The night before the very last my younger brother and I took our shift with him while everyone else went home.  That night we watched a man with more dignity than any I have known before or since accept our love, even when it meant that we supported him while he went to the bathroom.  We knew, even in the moment, a kind of hallowed and humble gratitude for the gift of that sleepless night.   For a long time I held on to every word we exchanged but now – trying to write of them for the first time, I find that the edges are fuzzy, and cannot be captured on this screen.  What I do recall was the privilege of being able to bear respectful witness to this man as he bore the collapse of his body with profound grace and solemn dignity.

The night that was to be the very last was a night of snow.  Heavy and white, it blanketed everything.  Howling wind and drifting high, until it was finally quiet; muffling sound and suspending time as we lived the life of palliative care, deep within the small country hospital.  And we were all there, very nearly.  Moving in and out of his room and the family room nextdoor.  Eating and curling up together, giving love to him, and to each other as we all breathed the half-formed breaths of those who waited for the inevitable.

But still, I didn’t believe.  Didn’t really understand.  Didn’t want to know.  Couldn’t comprehend that we were in the final stages of our dance with a man who had claimed every last moment of his life as whole and solid and his to have and experience fully.

For hours it was the same.  Same quiet hushed tones.  Same cycles of in and out.  Same sharing of memories and quiet laughter and held back tears.  Same knowledge of the precious gift of this, of our connection, of what we had been given.

It was all the same until it wasn’t, and as his breathing changed so did our energy. Somehow we all knew.  Were all called back to his bedside without anyone saying a word.  And we surrounded him and filled that space.  Fully present with our bodies and hearts and souls and memories and gratitude and love.

My family encircled his hospice bed.   All of us.   His children.  His grandchildren.  His beloved wife. Together we spent our last moments with the man who had built us, a family of uncommon closeness.  A man with a life force so strong and vital that it filled the room and also filled my heart and lungs and soul the way it had always filled my life.  And we spent his last moments the way we had spent so many moments with him – together.
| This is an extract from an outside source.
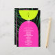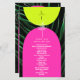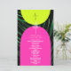 Neon yellow and pink arches over dark palm leaf background with vertical monogram at top front and white line art palm tree art and white text. Back features palm leaf line art with arches and white text.

Hands tightly clasped, arms around one another, we stood guard and witness as his spirit left the room.

This, twelve years later, stands as one of the only experiences of my life that I can name as Holy.  Where life balanced on the cusp between the physical universe and what exists beyond our comprehension.  There was a presence in that room that cannot be named or measured, and perhaps it was only what love feels like when magnified and crystalized by that sort of devotion.   Perhaps that sort of love is always Holy – it’s just that we don’t remember to stop and pay attention until a moment of irrevocable magnitude causes us to pause and open wide enough to take it all in.

Yes, it has been twelve years since that stormy night that changed everything.  And still, I remember him with an immediacy that proves to me that death is not an ending, not in the face of that much love.  It’s only a continuation really, of what has been taught and learned and lives in us always.

And still, they call me Dogface sometimes, their voices an echo of his teasing tone, their faces bearing traces of his lineage.  And I don’t mind.  It keeps him close to me.

***

We were digging through a crate of old memories last year.  Shoeboxes of letters from college roommates, concert ticket stubs and tattered photographs of old boyfriends.  Journals with youthfully loopy handwriting chronicling days long past.  “Mama, It’s like a time capsule of your life,” said my wee girlie, as she lifted bits of the flotsam and jetsam of my past from the depths of the bin.  And then there was Dogface.  Face cracked, limbs torn but still containing every ounce of his humor and love.   And I picked up that raggedy doll and held it close as tears came to my eyes and I remembered.

Yes, he called me Dogface.  And yes, it was a term of endearment.  I promise.